Renta básica y trabajo doméstico

El trabajo doméstico, también llamado reproductivo o de cuidados, admite muchas definiciones, principalmente por la dificultad de incluir todas las actividades (atender a los mayores, a los enfermos, los niños, las tareas de la casa, etc.), y las distintas clases (familiar y no familiar) de convivencia que comprende. Pero algunas constantes se repiten en todas ellas, como las que se refieren a la crianza de los niños, el cuidado en el hogar de los enfermos y otras que conciernen al bienestar de las personas que conviven bajo un mismo techo. Tienen que ver con las tareas relativas a los miembros más ancianos y los más jóvenes de la familia. Si consideramos estos factores podremos dar con una definición: el trabajo doméstico es aquel que se lleva a cabo en el hogar para atender las necesidades propias y las de otros, e incluye labores como la limpieza, la preparación de la comida, la compra, el cuidado de los niños y ancianos y de cualquier familiar, o miembro enfermo de la unidad de convivencia.

Margaret Reid aportó hace más de ochenta años, en su pionero tratado Economics of Household Production (1934), una de las definiciones más antiguas del trabajo doméstico, de la que proceden otras muchas. Para Reid, la producción doméstica comprende el trabajo no remunerado realizado por y para los miembros de la familia, actividades que pueden ser sustituidas por productos del mercado o por servicios retribuidos, cuando factores como la renta, la situación del propio mercado y las preferencias personales hacen posible contratar los servicios de alguien ajeno al entorno familiar. Una de sus interesantes contribuciones reside en esta posibilidad de sustituir los bienes y servicios producidos en el ámbito doméstico por otros generados y ofrecidos en el mercado.
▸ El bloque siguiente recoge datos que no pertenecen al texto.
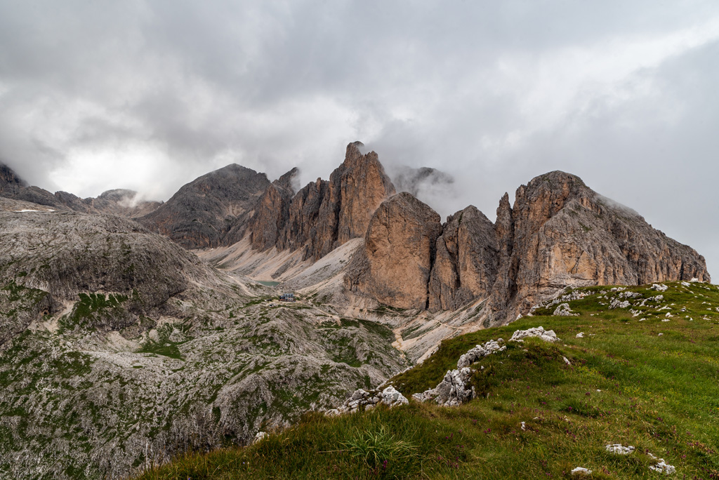Tohle krásné přírodní divadlo si užívám zcela sám a až poté se věnuji snídani a přípravě na druhý den mého putování. Bohužel se v mezičase zatahuje a vycházím již za převážně oblačného počasí. Mým prvním cílem je nejvyšší turisticky přístupný vrchol celé skupiny Latemar s nadmořskou výškou lehce nad 2800 m. Zde jsem již bohužel zcela v mracích a výhledy jsou omezené jen na občasné protrhání se oblohy a výhledy na horské sedlo hluboko pode mnou, které je mým dalším větším cílem dnešního dne. Vzdušnou čárou je to jen pár set metrů, ovšem mě čeká mnohem delší putování naokolo, které mi zabere několik hodin. První část tohoto úseku vede ve skalnatém lehce houpačkovém terénu, kdy traverzováním dalších vrcholků jen velice pozvolna ztrácím výšku a mnohdy jde spíše než o běžnou turistiku o lehké nezajištěné lezení – i zde je značení slabší, ale naštěstí zde není moc možností, kde špatně odbočit. Tento technicky náročnější úsek končí v sedle Kleine Latemarscharte v nadmořské výšce lehce nad 2500 m, kde jsem se dostal i pod mraky a mám aspoň nějaké ty výhledy.

Para resumir, es necesario tener en cuenta las siguientes características del trabajo en el hogar: 1ª): Utiliza bienes adquiridos en el mercado o a través de los servicios de las administraciones públicas para producir bienes y servicios destinados al hogar (o autoconsumo), no al intercambio; 2ª) Inexistencia de retribución económica; 3ª) Reproducción de la fuerza de trabajo; 4ª) Control sobre ritmos y horarios.

El trabajo doméstico es desempeñado por ambos sexos, aunque de una forma que dista mucho de ser proporcional. Tanto en los países ricos como en los pobres las mujeres realizan, con mucha diferencia, la mayor parte. Las encuestas muestran que, en la Unión Europea, más del 80% de las mujeres que tienen hijos dedican cuatro horas del día a las tareas del hogar, en comparación a solo un 29% de los hombres. En el Reino de España, aunque los datos presentan algunas diferencias, las mujeres dedican entre cuatro y cinco horas al día a tareas relacionadas con la casa y la familia. Los hombres emplean una hora y media en esas mismas labores.
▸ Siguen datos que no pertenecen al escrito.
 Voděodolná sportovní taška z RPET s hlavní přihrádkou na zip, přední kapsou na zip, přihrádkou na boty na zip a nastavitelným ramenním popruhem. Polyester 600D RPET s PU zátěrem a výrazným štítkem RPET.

No hay duda de que cuanto menos tiempo se dedique al trabajo remunerado mayor será el tiempo destinado al trabajo doméstico, pero también aquí las proporciones entre los sexos son muy diferentes. Las mujeres que ocupan una menor parte de su tiempo en el desempeño de actividades remuneradas emplean mucho más tiempo en el trabajo de cuidados, mientras que los hombres dedican a estas tareas sólo un poco más. No hay nada nuevo en esto. Lo que merece atención, sin embargo, es la costumbre, no muy consistente, de considerar la misma – exactamente la misma – actividad trabajo en unos casos y no en otros (cocinar, por ejemplo). De nuevo, la causa del error es simple: la gente cree que solo la actividad remunerada económicamente merece el nombre de trabajo.
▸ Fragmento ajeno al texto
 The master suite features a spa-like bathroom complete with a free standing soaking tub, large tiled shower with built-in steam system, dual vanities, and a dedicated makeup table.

Durante los últimos años (al menos en los círculos académicos), las actividades relacionadas con los cuidados han sido progresivamente incluidas en la categoría de trabajo. No obstante, a la hora de hacer una evaluación precisa, asignar un precio a este trabajo resulta muy problemático, sobre todo debido a graves dificultades de cuantificación. La metodología utilizada puede ser agrupada en dos grandes bloques. Primero, los concernientes a la cantidad y calidad del trabajo empleado para obtener los bienes y servicios (métodos basados en la imputación de costes) y en segundo lugar, aquellos que se ocupan del valor de los productos obtenidos (imputación de resultados). Los primeros pueden subdividirse, a su vez, en función de los mecanismos empleados, en a) costes de sustitución, b) costes de servicio y c) costes de oportunidad. En cuanto a los métodos basados en resultados se puede también distinguir entre a) valor total y b) valor añadido.

Partiendo de estas diferentes formas de cuantificar el trabajo doméstico se han realizado unas estimaciones empíricas sobre el porcentaje del PIB que representa el trabajo de cuidados en diferentes países. En general, la suma de todas las clases de tareas utilizadas para cuantificar el porcentaje del PIB que representa el trabajo doméstico fluctúa entre la mitad y los dos tercios del total. Cualesquiera que sean los límites superior e inferior de esta cantidad, no se puede negar que, dejando de lado las diferencias entre los instrumentos de medida y el detalle pormenorizado de los resultados obtenidos, este tipo de trabajo representa, en todos los casos, una parte verdaderamente importante del porcentaje del PIB.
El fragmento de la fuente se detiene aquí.